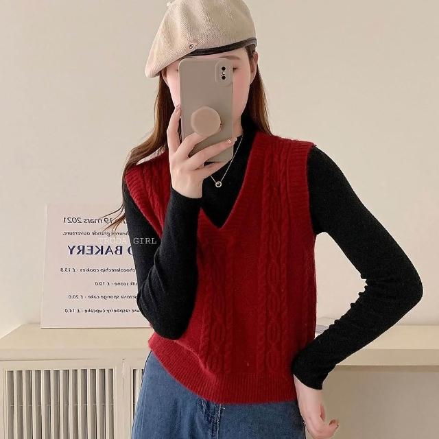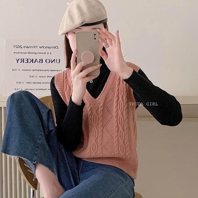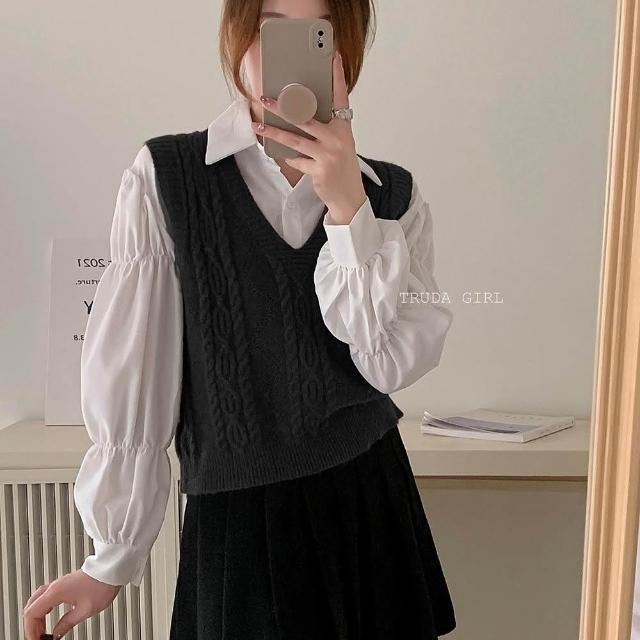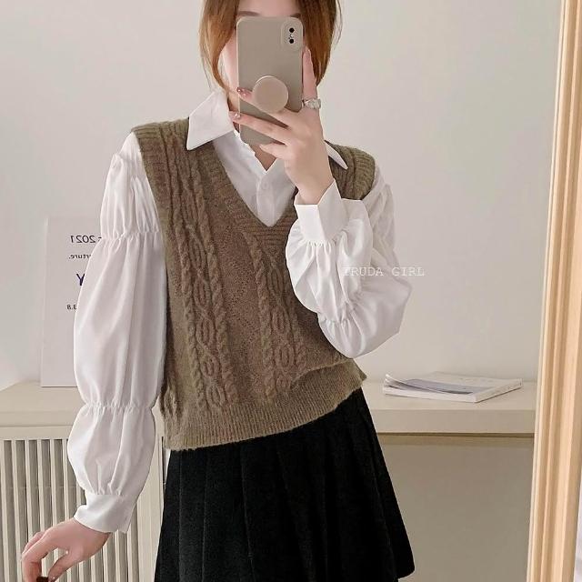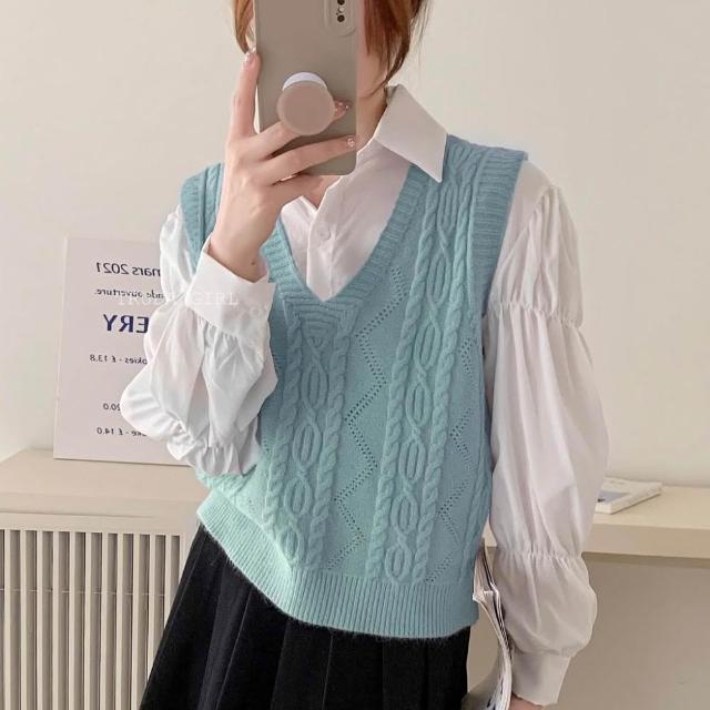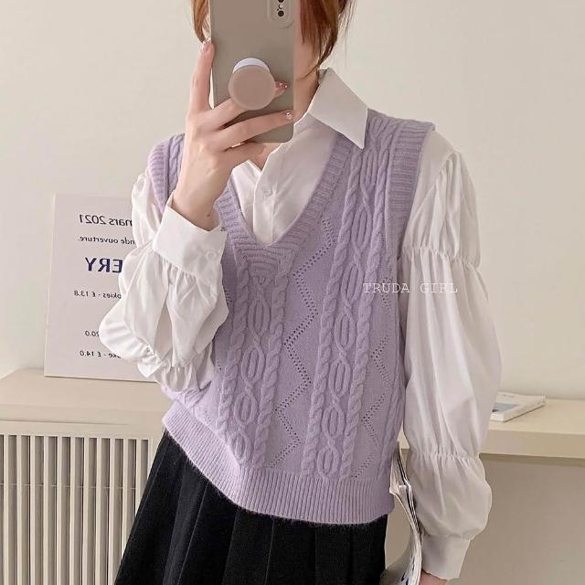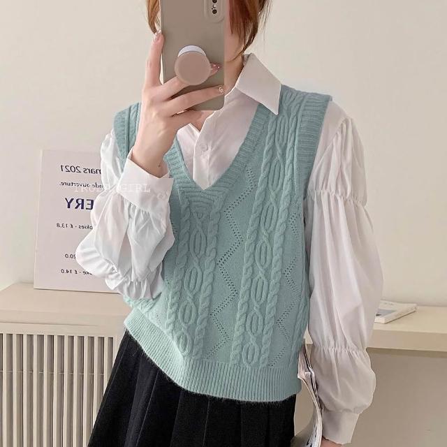 《杜達女孩》疊穿麻花辮馬甲背心 學院風仿羊絨混紡馬甲背心 毛衣背心 麻花背心 秋冬背心 外搭背心 V領背心搭襯衫 包芯紗
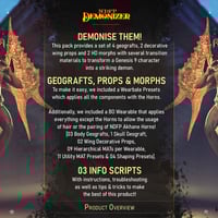 That said, Demonizer was created as a sister product of NDFP Akhane Horns. As such, the textures and looks match those of our other products, allowing you to mix and match both products for alternate looks. A tutorial (also included as a promo) is supplied to help you navigate using both products together. A property preset will help you adapt Akhane Horns Face Fx to use with the Demonizer.
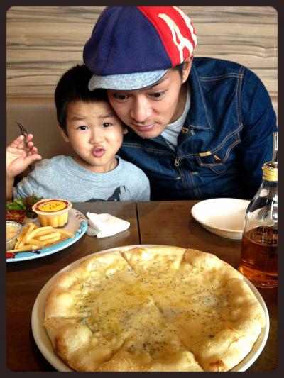 大人2名で ランチセットを頼んだ。 ¥3000 くらいだったかな? 初めのドリンク、食後のコーヒー、 サラダ、パスタ、ピザが選べる。 イカスミパスタ、 チーズのピザにした。 ワインは 初めのドリンクとして(ハンドルキーパー の主人の分) 2杯飲めた。。 ラッキーー☆ ほんと 美味しかったけど、ちょうど昼時だし結構並んだ。
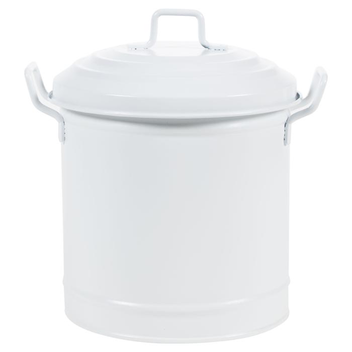 Galvaniz kalitesi sade bir tasarımda buluşuyor. Kulplu, kapaklı mini çöp kovası, 3,5 Lt hacmi ile tezgah ve masaüstü çöp kovası olarak kolaylıkla kullanılabilir. Banyo ve mutfak dekorasyonunuza dahil edebileceğiniz galvaniz çöp kovalarının farklı renk ve ölçü seçenekleri de bulunuyor.
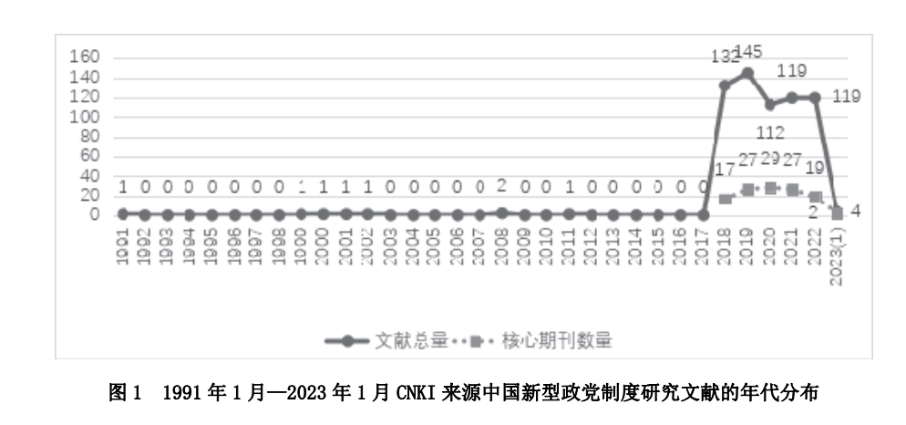 在这一阶段,国内并未出版“新型政党制度”有关论著,相关期刊论文累计发文量只有 8 篇,且许多年份发文量为 0。1991 年,郭尚华在《山西大学师范学院学报(综合版)》上发表题为《对我国新型政党制度的思考》一文。该文从历史与现实双重维度探究“为什么中国必然会选择中国共产党领导的多党合作和政治协商这一新型政党制度”“如何完善我国新型政党制度”。据目前所能掌握文献看,这是国内首篇使用“新型政党制度”一词的专题论文。另从 CNKI 搜索获得以“中国新型政党制度”为题论文中,较有代表性的论文有:《中国新型政党制度的历史必然性与现实必然性》(周秋光,1999)、《中国新型政党制度初探》(谢佑卿,2000)、《中国政党制度是充分体现中国特色社会主义本质要求的新型政党制度》(牟光平,2008)等。此时,少数学者开始从政党制度视角看待中国新型政党制度,并从必然性出发希冀回答“中国为什么能且仅能选择中国共产党领导的多党合作和政治协商制度”这一问题,进而论证这一政党制度“正是中国目前所能找到的最好的政党模式”。但该时期累计发文量较少且多数年份发文量出现“断层”。这反映出在很长一段时期内,学界大都是把中国共产党领导的多党合作和政治协商制度视为我国社会主义制度体系的一项基本政治制度予以考察,并未从学理层面将其视为我国一项不同于西方资本主义国家多党制与其他社会主义国家一党制的新型政党制度进行探究。
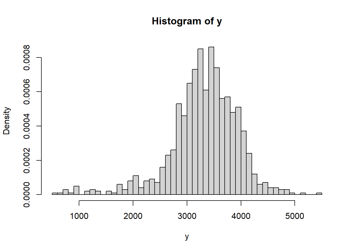data = read.csv("_data/birthweight.csv") y = data$birthweight hist(y, freq = FALSE, breaks = 50)
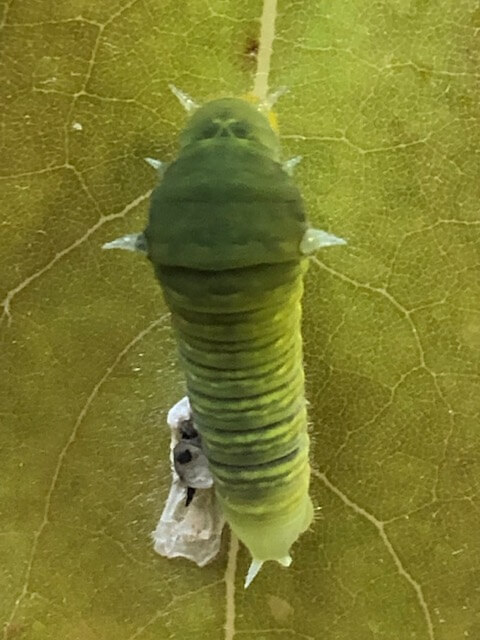 幼虫はほぼ糞を出し切ると、ワンダリング(蛹化の場所探し)を始めますが、他のアゲハチョウのように食草を離れて動き回ることはあまりありません。
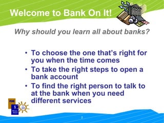 Banks offer services like deposit and loan accounts to safely store money. Some key reasons to use a bank include safety, convenience, lower costs, and building your financial future. To open an account, you will need to visit a bank, show ID, fill out paperwork, and make an initial deposit. Different bank employees, like tellers and loan officers, provide various services. It's important to protect your personal information from identity theft.
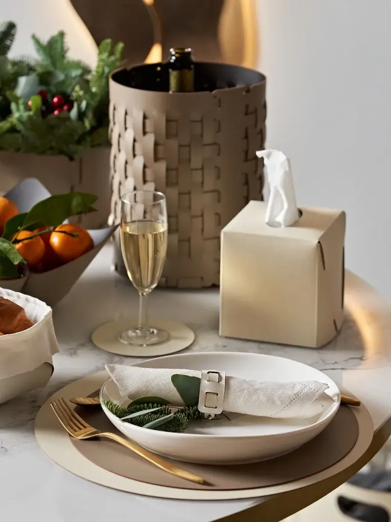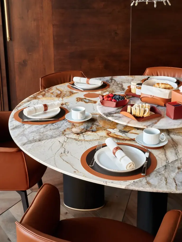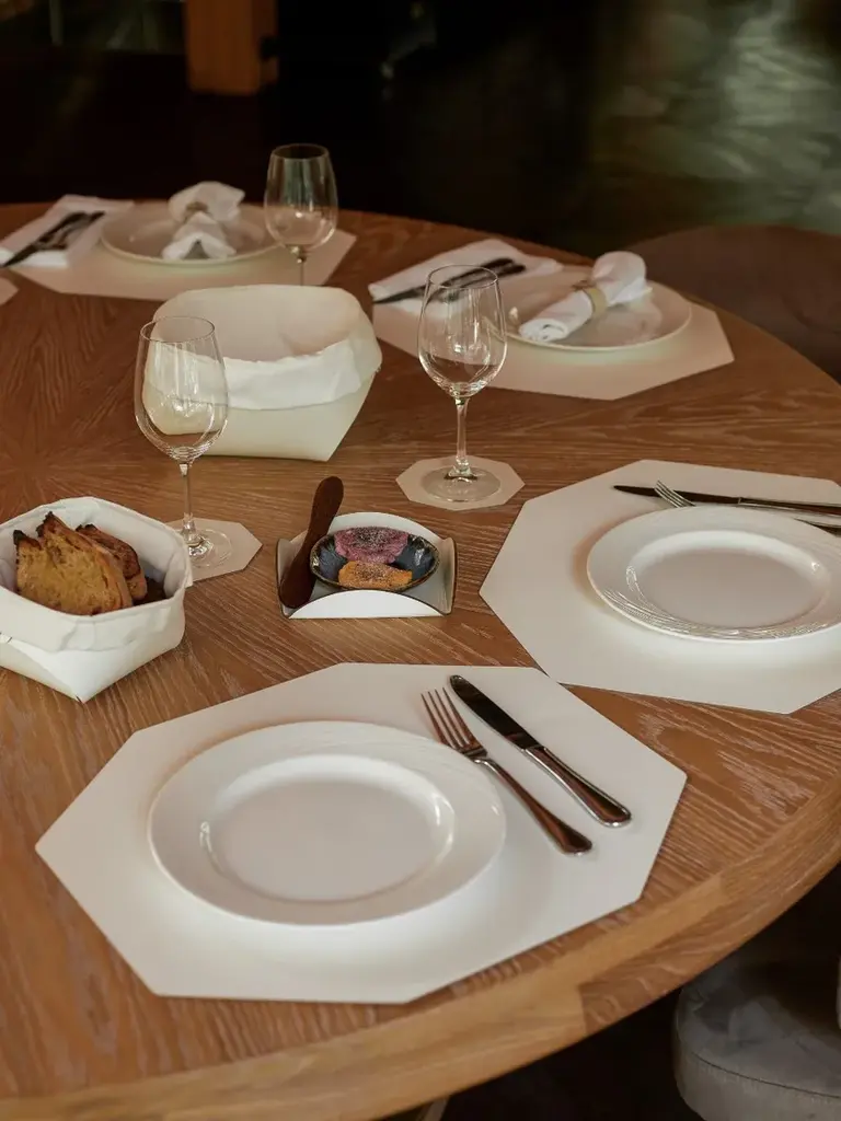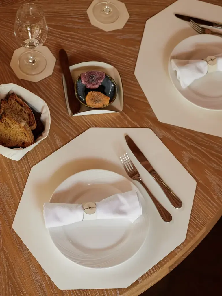 Convenient, practical and aesthetic placemat is an alternative to traditional table setting with a table-cloth. Two-sided leather dyeing expands the range of colors for the table setting, and water-repellent treatment protects against staining by oil, vinegar and sauces. Each product utilizes ADJ's multifunctional leather, which undergoes double-sided dyeing and a specialized anti-vandal treatment, resulting in enhanced durability against wear, scratches, and abrasions.
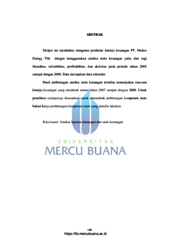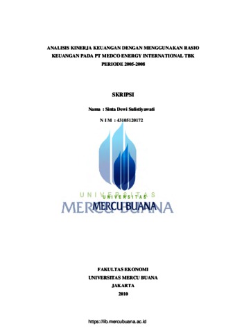 Sulistiyawati, Sinta Dewi (2010) ANALISIS KINERJA KEUANGAN DENGAN MENGGUNAKAN RASIO KEUANGAN PADA PT MEDCO ENERGY INTERNATIONAL TBK PERIODE 2005-2008. S1 thesis, Universitas Mercu Buana.
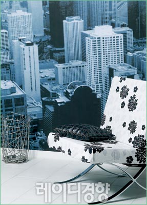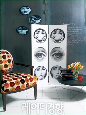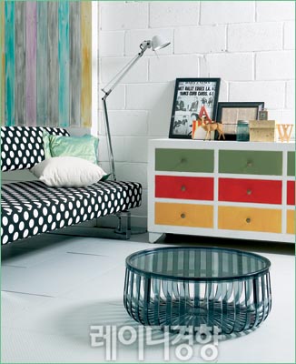 도트 패턴과 스트라이프 패턴이 만나 리드미컬한 공간을 연출한다. 도트나 스트라이프가 가진 느낌 모두 자칫 산만해 보일 수 있으니 모노톤 컬러와 비비드 컬러의 적절한 조화가 필요하다. 블랙 & 화이트 도트 패브릭 소파 가격미정, 스타일K. 빈티지 플로어 스탠드 가격미정, 두닷. 아크릴 테이블 가격미정, 제인인터내셔널. 빈티지 우드 박스 라 매뉴팩춰.
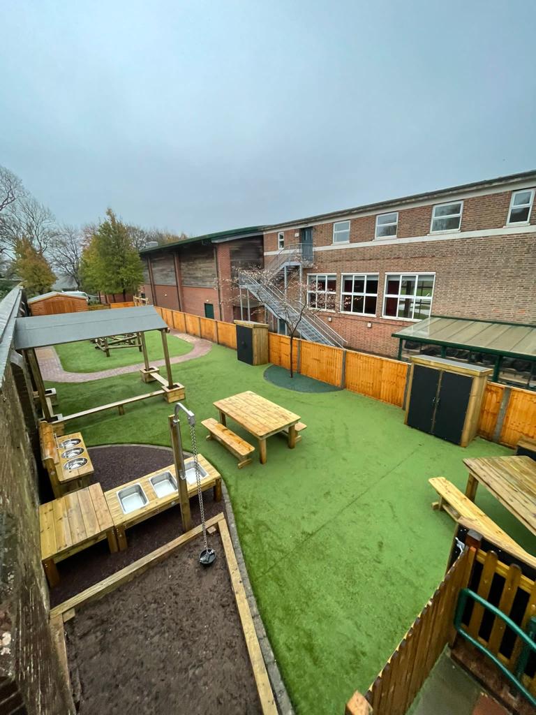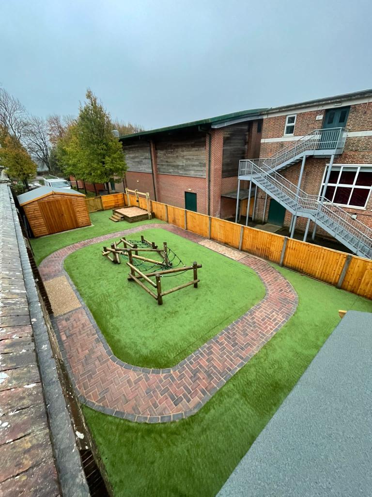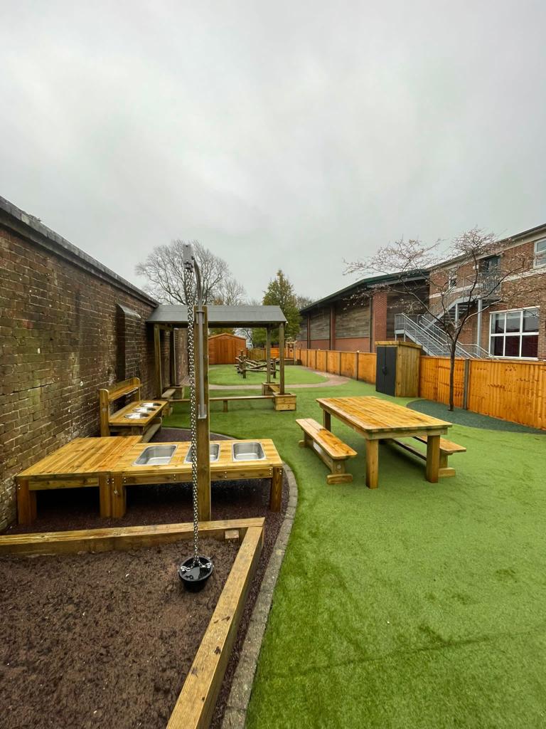 The existing reception provision was dull and uninviting with a mix of old coloured wetpour and artificial grass that due to age was showing signs of wear and shrinkage making the area unsafe with trip hazards. The equipment they had was old, worn and not challenging for the children. The space was long and narrow so making the best use of the space was essential.
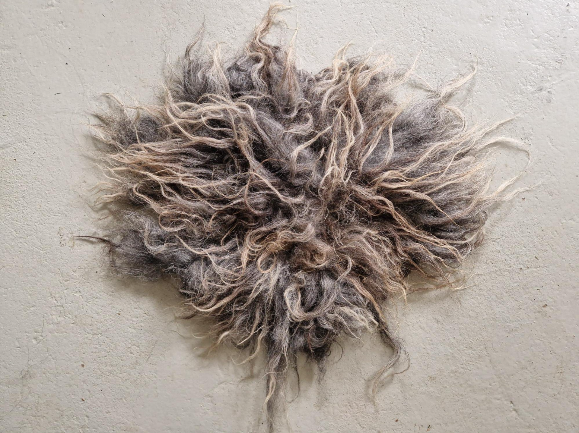 Wat ruwig, stoer uitziend vachtje. De lokken zijn niet glad. Grijs in de basis en naar bruin/beige uitlopend naar de punten toe.
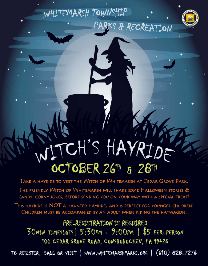Take a Hayride to visit the Witch of Whitemarsh at Cedar Grove Park. The friendly Witch of Whitemarsh will share some Halloween stories & candy-corny jokes, before sending you on your way with a special treat! This hayride is NOT a haunted hayride, and is perfect for younger children! Children must be accompanied by an adult when riding the haywagon. Register today on Community Pass or by calling the Parks and Recreation office at 610-828-7276!

* **What is required**
Retype, exactly and with no pictures, everything above from the line with "Banks offer services" down to the line with "Convenient, practical and", both included.

* **Exercise response**
 Banks offer services like deposit and loan accounts to safely store money. Some key reasons to use a bank include safety, convenience, lower costs, and building your financial future. To open an account, you will need to visit a bank, show ID, fill out paperwork, and make an initial deposit. Different bank employees, like tellers and loan officers, provide various services. It's important to protect your personal information from identity theft.
 Convenient, practical and aesthetic placemat is an alternative to traditional table setting with a table-cloth. Two-sided leather dyeing expands the range of colors for the table setting, and water-repellent treatment protects against staining by oil, vinegar and sauces. Each product utilizes ADJ's multifunctional leather, which undergoes double-sided dyeing and a specialized anti-vandal treatment, resulting in enhanced durability against wear, scratches, and abrasions.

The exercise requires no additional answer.